Records supplied:

---

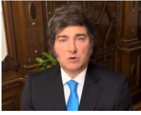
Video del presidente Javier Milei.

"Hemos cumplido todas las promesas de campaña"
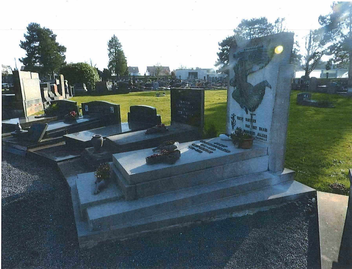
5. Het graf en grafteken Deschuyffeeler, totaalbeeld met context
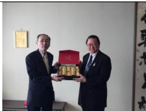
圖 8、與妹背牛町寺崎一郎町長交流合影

---

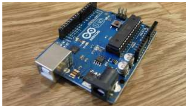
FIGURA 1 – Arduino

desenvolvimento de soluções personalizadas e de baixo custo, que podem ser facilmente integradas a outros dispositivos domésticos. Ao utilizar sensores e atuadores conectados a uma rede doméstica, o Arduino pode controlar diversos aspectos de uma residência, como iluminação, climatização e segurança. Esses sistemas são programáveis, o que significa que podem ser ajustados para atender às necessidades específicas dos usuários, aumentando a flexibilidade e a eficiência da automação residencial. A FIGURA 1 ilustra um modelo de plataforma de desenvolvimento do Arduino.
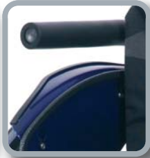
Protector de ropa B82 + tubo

---

The task:
Taking the material above, give again exactly the lines from the one holding "Video del presidente Javier Milei." through the one holding "圖 8、與妹背牛町寺崎一郎町長交流合影", with both ends and without pictures.

Reply:
Video del presidente Javier Milei.

"Hemos cumplido todas las promesas de campaña"
5. Het graf en grafteken Deschuyffeeler, totaalbeeld met context
圖 8、與妹背牛町寺崎一郎町長交流合影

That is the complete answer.